Stored data:
• • • • • • •

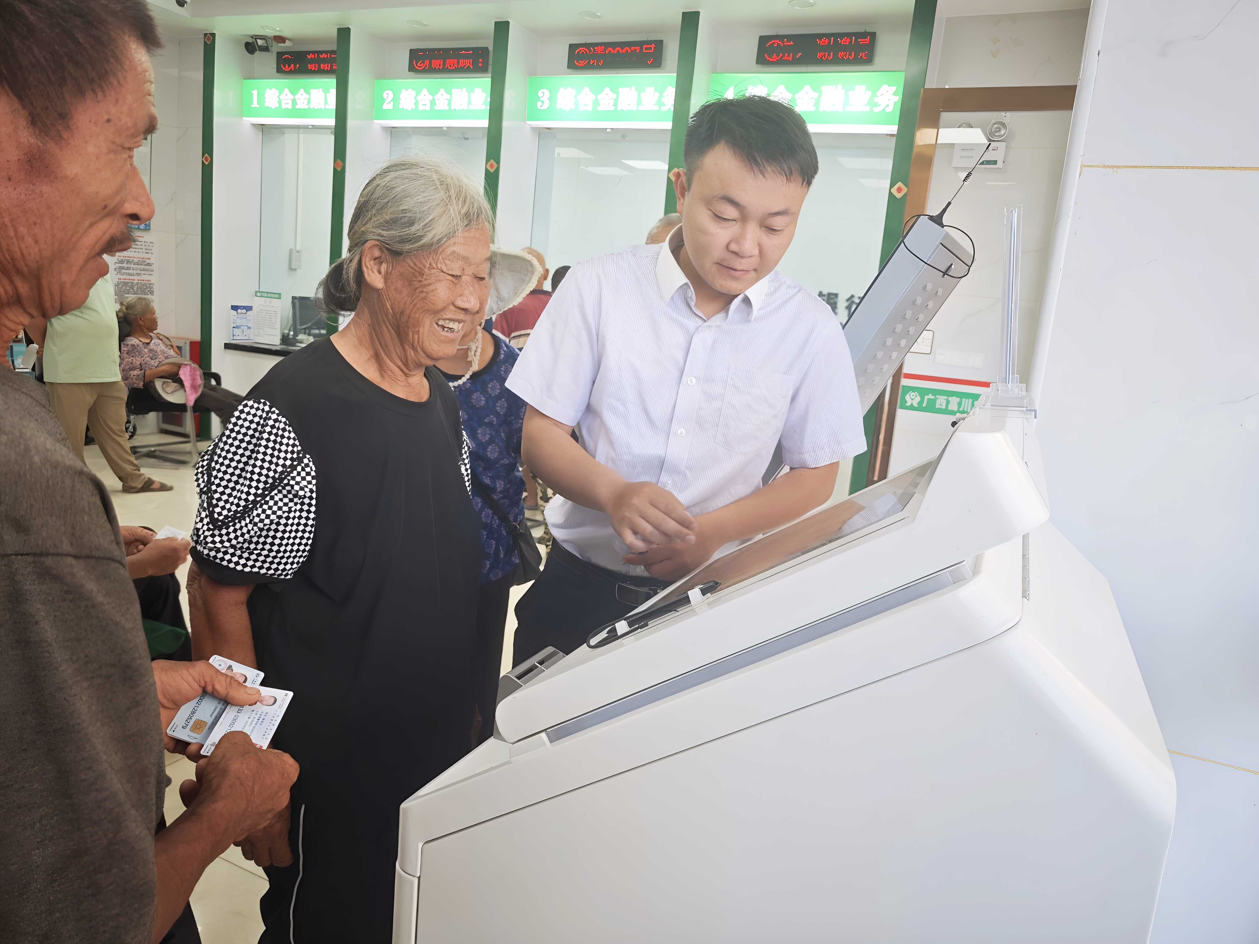 近日,贺州市富川瑶族自治县聚焦老年群体的“急难愁盼”问题,深化服务破解社保待遇资格认证难题,开通社银一体机,将认证服务延伸至各农商银行网点,让老年人在存取款时即可完成社保认证,改变以往认证“步骤多、操作难”的局面。
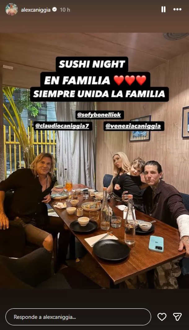 Alex Caniggia volvió a encender la polémica dentro de su familia con una publicación que rápidamente se volvió tema de conversación en redes sociales. El mediático compartió una foto de una cena junto a su padre, Claudio Paul Caniggia; su hija, Venezia; y la actual pareja del exfutbolista, Sofía Bonelli.
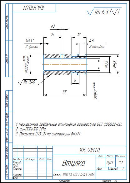 Рабочий чертеж и 3д-модель детали втулка 104.918.01 в программе Компас 3D

• • • • • • •

Aim of the task:
The answer must be an exact copy of the lines from the one with "Alex Caniggia volvió" through the final line above, both ends included, and nothing else; pictures stay out.

The completed task:
 Alex Caniggia volvió a encender la polémica dentro de su familia con una publicación que rápidamente se volvió tema de conversación en redes sociales. El mediático compartió una foto de una cena junto a su padre, Claudio Paul Caniggia; su hija, Venezia; y la actual pareja del exfutbolista, Sofía Bonelli.
 Рабочий чертеж и 3д-модель детали втулка 104.918.01 в программе Компас 3D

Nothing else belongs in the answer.